Галтьер бросил на меня сияющий от счастья взгляд. Я ответила ему также счастливым взглядом. Я действительно была счастлива, ведь мой возлюбленный наконец-то добился того, чего страстно желал. Желание это, если не изменяет мне память, возникло во время той памятной лекции в конференц-зале института Ланса, как раз в тот самый день в конце апреля, когда Лаура встретила Николаса. Целая вечность миновала с тех пор! Я также впервые встретила их в тот день. Я помню, как обменивались взглядами Лаура и Николас, и решила, что они любовники уже несколько лет. На самом же деле они впервые виделись в тот день. Он был знаком с ней всего полчаса. Она была для него просто самой лучшей женщиной, и остается такой же и по сию пору.
Я снова увидела то же выражение любви и обожания на его лице, когда Лаура повернулась к нему, спрашивая согласия на то, чтобы принять приглашение Галтьера. Это выражение — поразительного обожания, которое выглядело почти невероятным, — я часто видела на его лице, когда он смотрел на Лауру. Но вчера вечером оно было еще отчетливее, чем обычно, и я почувствовала в нем более чем гордость за свою невесту — глубокое преклонение перед ней как перед божеством. И это чувство придало неожиданную, хотя и сложную, красоту строгим и нежным чертам лица молодого человека, раскрыло всю глубину его бесконечной любви.
Я попросила портье привести нам свежего фруктового сока, а затем последовала за Николасом в комнату.
Арава выскочил на некоторое время из своей комнаты, чтобы, не теряя своего достоинства главы экспедиции, дать инструкции портье, в какую из комнат поставить вещи. У парня был острый взгляд и острый слух.
Комната, которую заняли Галтьер и Лауре, отделялась от той, где поселились мы с Николасом, простой бамбуковой передвижной перегородкой. Оставив Николаса возиться с его драгоценной камерой, я прижалась носом к щели, чтобы посмотреть, где были наши соседи.
Галтьер растянулся, полностью одетый, не сняв даже обуви, на кровати. Он выглядел очень утомленным. Лаура стояла во весь рост перед ним и снимала через голову платье.
Я знала, о чем думает Галтьер в эту минуту, когда смотрит на нее: Лаура вытянулась с поднятыми вверх рукавами; лицо ее было спрятано в складках материи. Эти же мысли пришли в голову и мне. Он воображал перед собой многочисленные торсы Венеры без головы, чьих живых грудей было вполне достаточно, чтобы погрузиться в мир восхитительных грез такое совершенство принадлежит не нашему миру, а божеству.

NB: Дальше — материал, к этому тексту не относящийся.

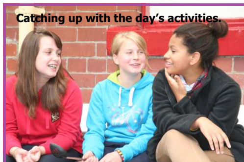
Catching up with the day's activities.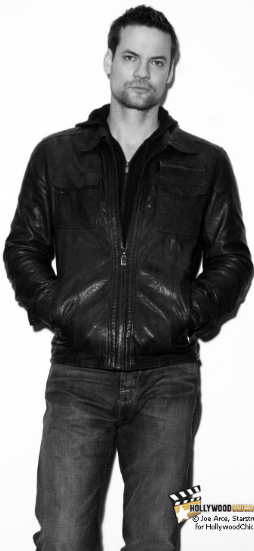
Actor Shane West at C2E2 in Chicago, April 2012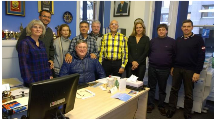
The IEB gathered at the IAC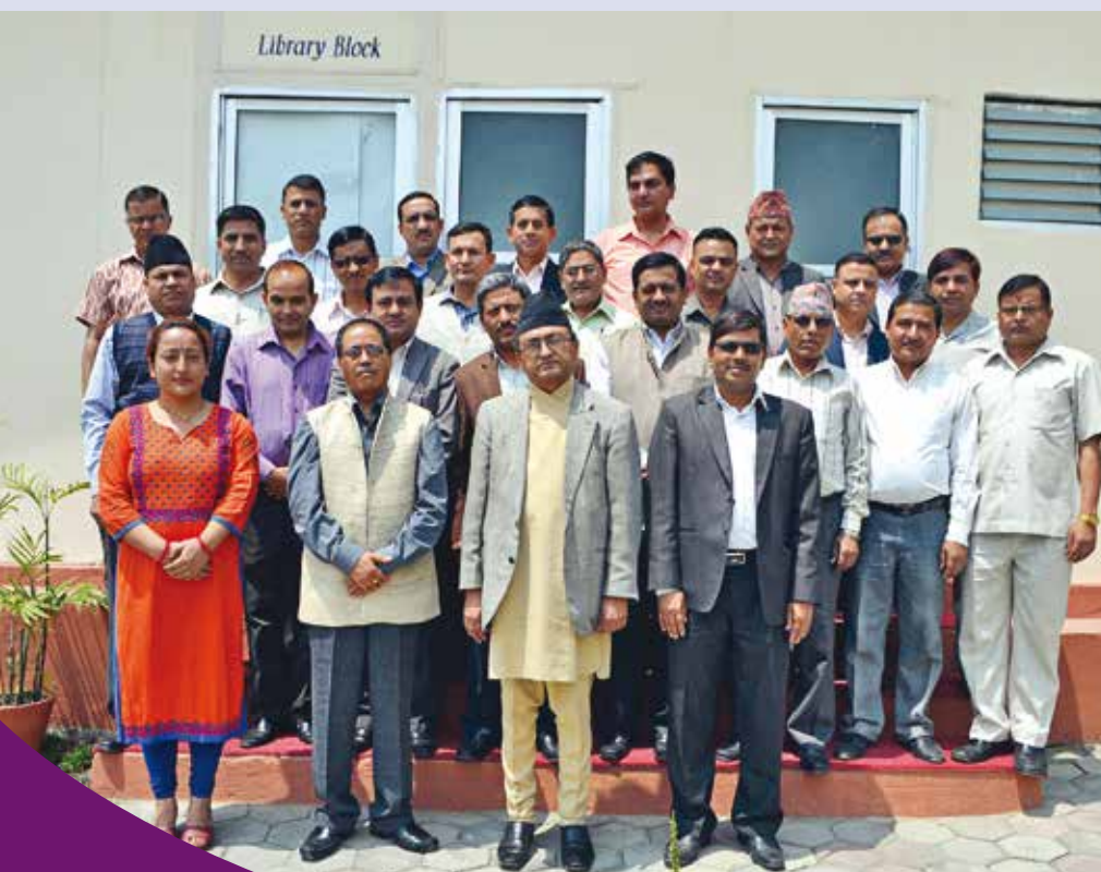
Participant Hon'ble District Judges with ED Hon'ble K.R. Pandit, Hon'ble Judge Dwarika Man Joshi and Faculty/Judge Hon'ble R.R. Acharya

In order to enhance skills and knowledge on adjudication of land disputes, NJA-Nepal organized a Training on Land Administration for Judges of District Courts from May 9 to 14, 2016 at Manamaiju, Kathmandu. The topics discussed and deliberated upon in the sessions included land administration in Nepal, transfer of ownership of land, survey of land, land belonging to Trust and its management, inheritance property, technicality of land disputes etc. Group exercises were also conducted to make the training more effective and practical. Justices of Supreme Court, Judges of Courts of Appeal and experts in the field of land administration and trust were invited as resource persons to lead the sessions. There were altogether 22 participants in the programme which was coordinated by Faculty Member / District Judge Hon. Rishi Ram Acharya.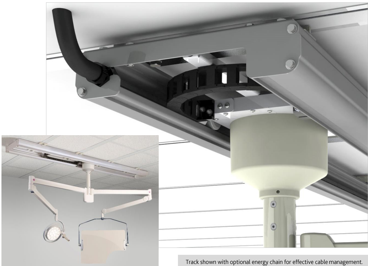
Track shown with optional energy chain for effective cable management. #3001/TC/250/EC for 2.5m track. #3001/TC/420/EC for 4.2m track.

The Kenex range of aluminium ceiling tracks provide strong and easy to install systems for suspending radiation shields, surgical lights and other suspended medical equipment.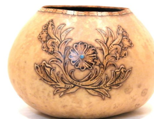
Class F – 4A $50 8 AM – 12 Noon Faux Leather Tooling Pyrography Hellen Martin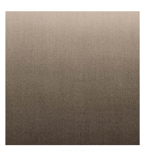
PEAT 100% Alpaca

Сняв с себя платье, она, наконец, освободила руки и отбросила одежду позади себя на пол, не повернув даже головы. Теперь она во все глаза глядела на Галтьера, который лежал и молча любовался ею. Я видела ее в профиль: Лаура задумчиво закусила нижнюю губку, а я пыталась вообразить, что же она предпримет, чтобы еще больше поразить своего любовника, доставить ему еще большее удовольствие.

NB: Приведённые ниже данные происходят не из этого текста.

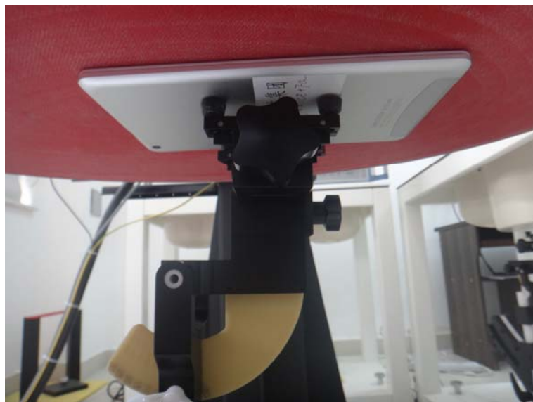
0mm Body-worn Front Side Setup Photo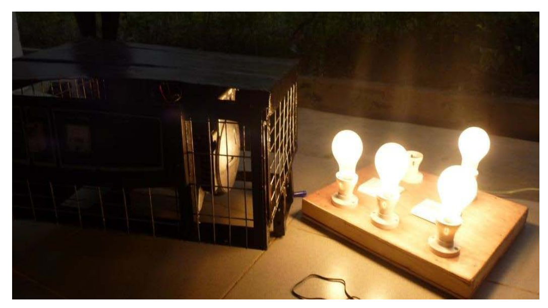
1KVA Fuelless Power Generating Set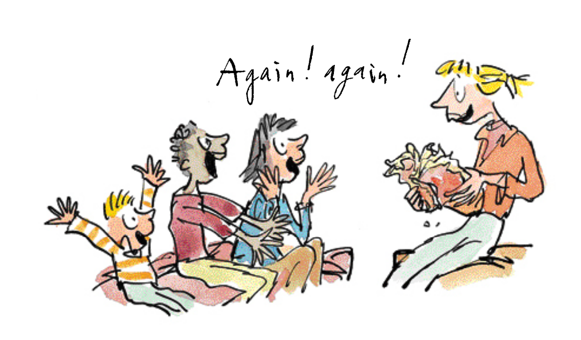
4 The right to read it again.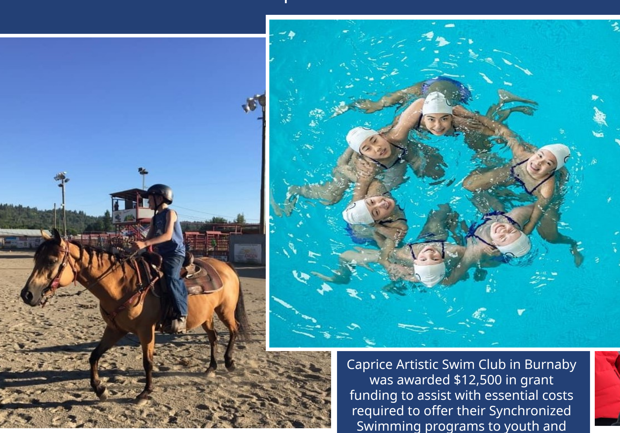
North Cariboo Gymkhana Society in Quesnel received $2,500 in grant funding to assist with arena rental, equipment repair, wages, and other costs essential to run their Gymkhana program.

7% Of organizations funded had programs targeted toward supporting Indigenous British Columbians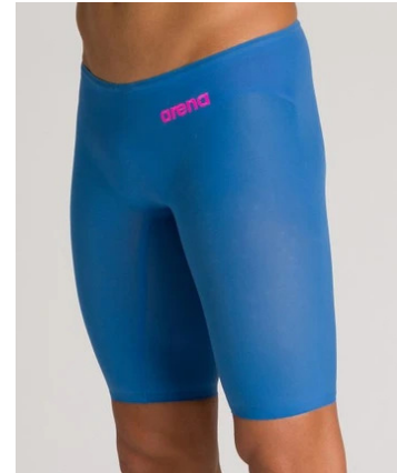
13&O Tech Suit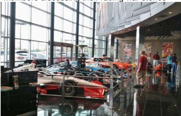
Display of cars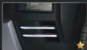
FRONT BUMPER BEZEL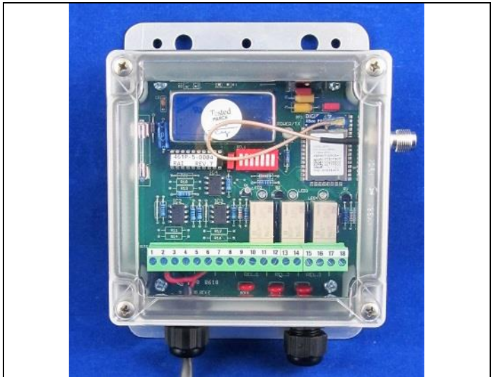
DC Powered Model Pictured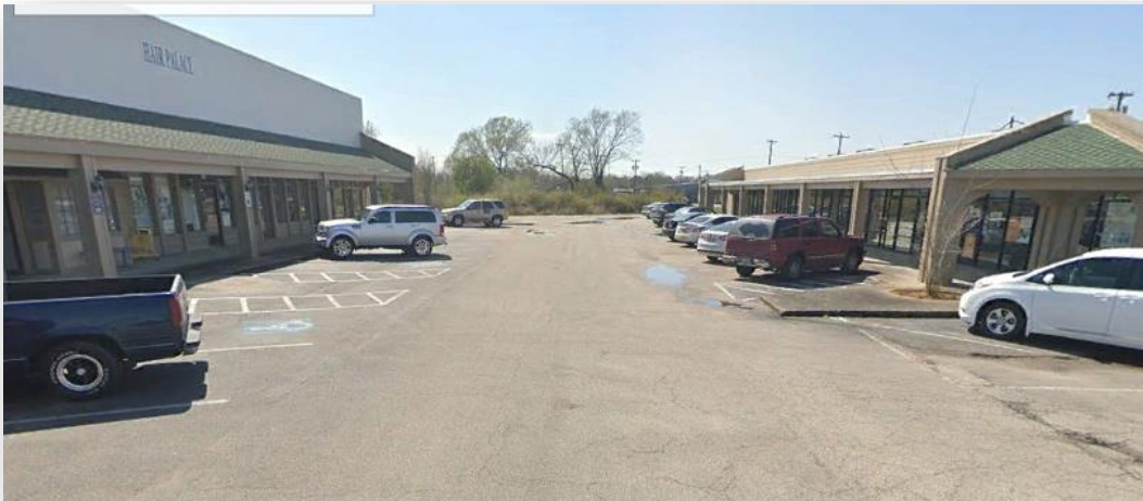
View of the Subject property Suites D & E on the right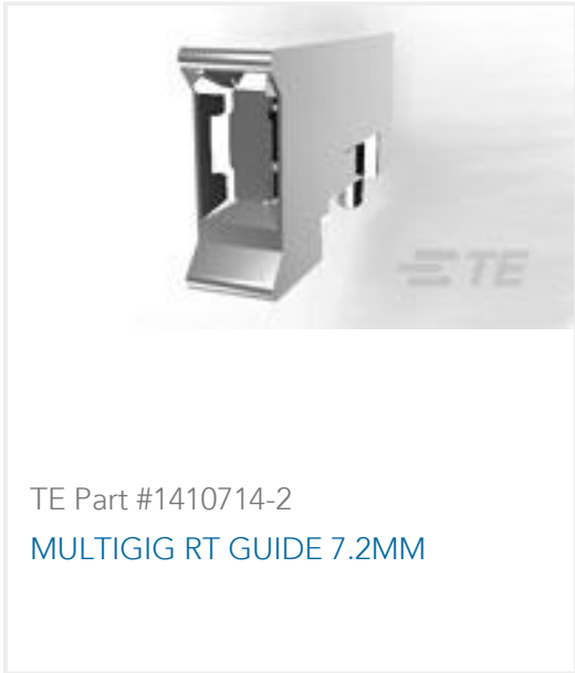
TE Part #1410714-2 MULTIGIG RT GUIDE 7.2MM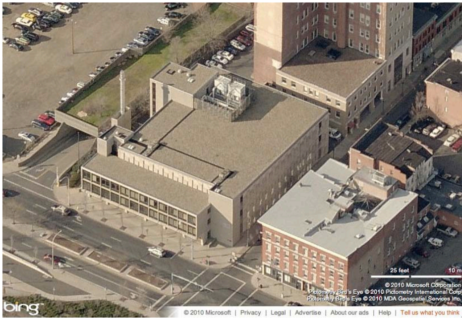
6. Northeast aerial view facing southwest, from Bing Maps: http://www.bing.com/maps accessed 7/12/2010.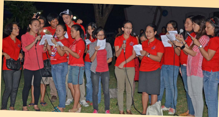
AQD employees sing "Pasko para sa lahat" and "Pasko na naman" during the community singing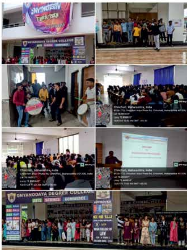
Orientation and flash mob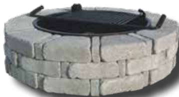
Rumblestone Round Fire Pit #1 $447.28 (Includes Insert w/grate)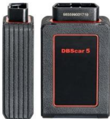
2018 Launch X431 DBScar 5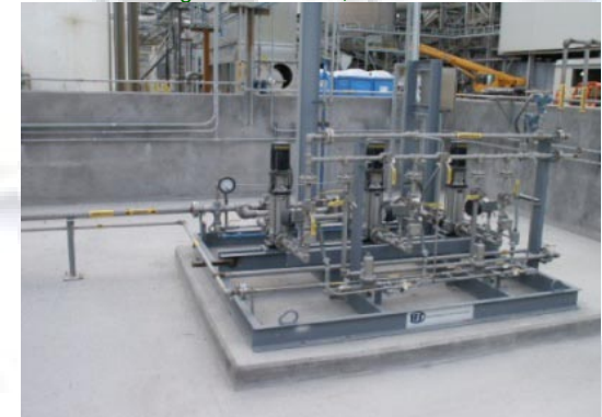
Ammonia pump skids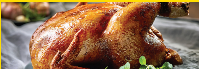
Deli Fresh Rotisserie Chicken With 100 Fresh Perks Points

$7 98 Ea. Retail $8.98 Ea. Without Fresh Perks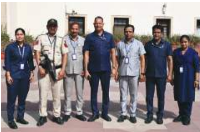
Security personnel deployed outside courtroom corridors ensuring security within the premises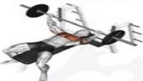
FLAT BENCH PRESS

Она расстегнула пояс своих шаровар и спустила верхнюю их часть, наполовину обнажив живот. Затем внимательно рассмотрела кровать и весело рассмеялась: бесцветное покрывало и подушки из желтоватого материала — больше ничего на постели не было. Все это возбуждало сексуальную раскрепощенность. Галтьер молча разделил ее удивление. Наконец он уселся на краю кровати, его лицо находилось на одном уровне с грудью Лауры.
Видишь, — сказала она, — я сдержала свое слово. Он издал кудахтающий звук, означавший легкое недовольство.

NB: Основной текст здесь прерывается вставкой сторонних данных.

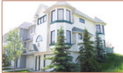
88 Prominence View SW $209,900 BACKING & SIDING RAVINE

Excellent opportunity to live up and rent down – have someone else help pay your mortgage! Perfect revenue and holding property, this 776 sq. ft. hillside bungalow has a 1 bedroom suite downstairs and is set on a 50 x 125 foot lot with off street parking. Efficient use of space with no waste, 2 bedrooms up with living room & eat in kitchen, hardwood flooring, lots of natural light, 1 bedroom suite down with good sized living/kitchen area, shared laundry. On the bike path to downtown and close to transit!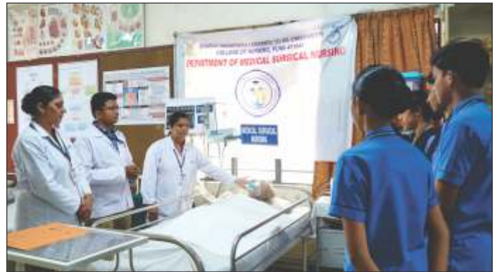
Medical Surgical Nursing Lab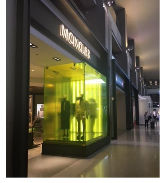
Terminal B Great Hall (Departures Level)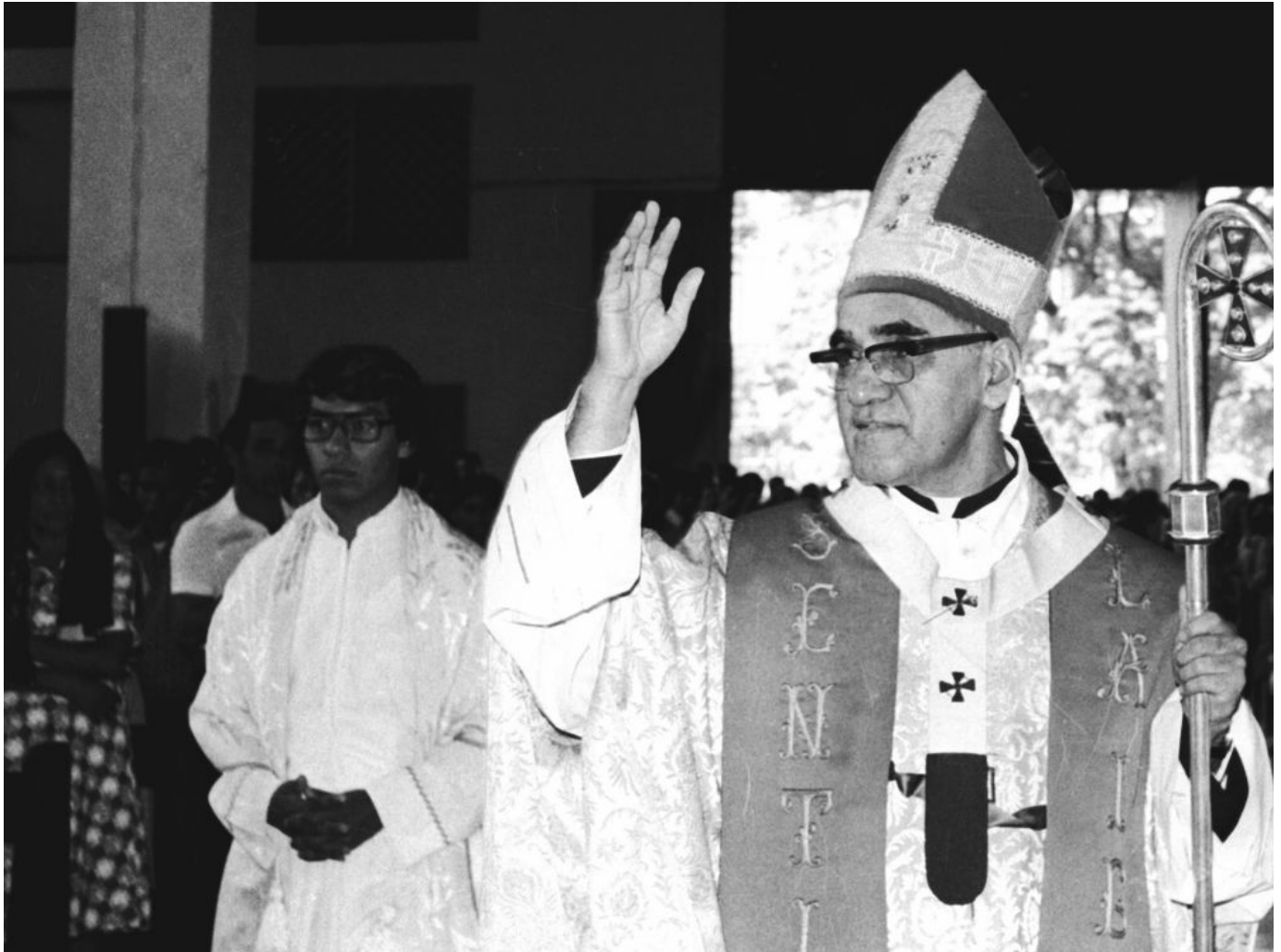
Blessed Óscar Romero is seen in an undated photo.

Romero's canonization comes at a time of incredible violence in the world. Pope Francis has spoken about a third world war, fought piecemeal. What message do you think Romero's sainthood gives to the world about the Christian witness of nonviolence?

— Спустя неделю! — прокомментировал он.
Мне вспомнилась их подозрительная встреча тет-а-тет на террасе моего дома, когда мы собрались вместе, чтобы попрощаться с беременной Натали. Это было сразу же после банкета в честь свадьбы Лауры. Лаура уютно устроилась в кресле-качалке и играла букетом гардений, который принесла из церкви с торжественной церемонии их бракосочетания с Николасом. Ее длинное подвенечное платье, скромный покрой которого должен был доставить удовольствие ее отцу, было поднято почти до бронзовых, загорелых бедер.
Галтьер подошел к ней, склонился на одно колено и прижался губами к темному треугольнику волос в ее промежности, излучавшему чувственный, плотский запах. Затем он поднял взор и посмотрел прямо в озорные глаза юной невесты.
— Ты хочешь, чтобы я преподнес тебе свадебный подарок сейчас? — спросил он.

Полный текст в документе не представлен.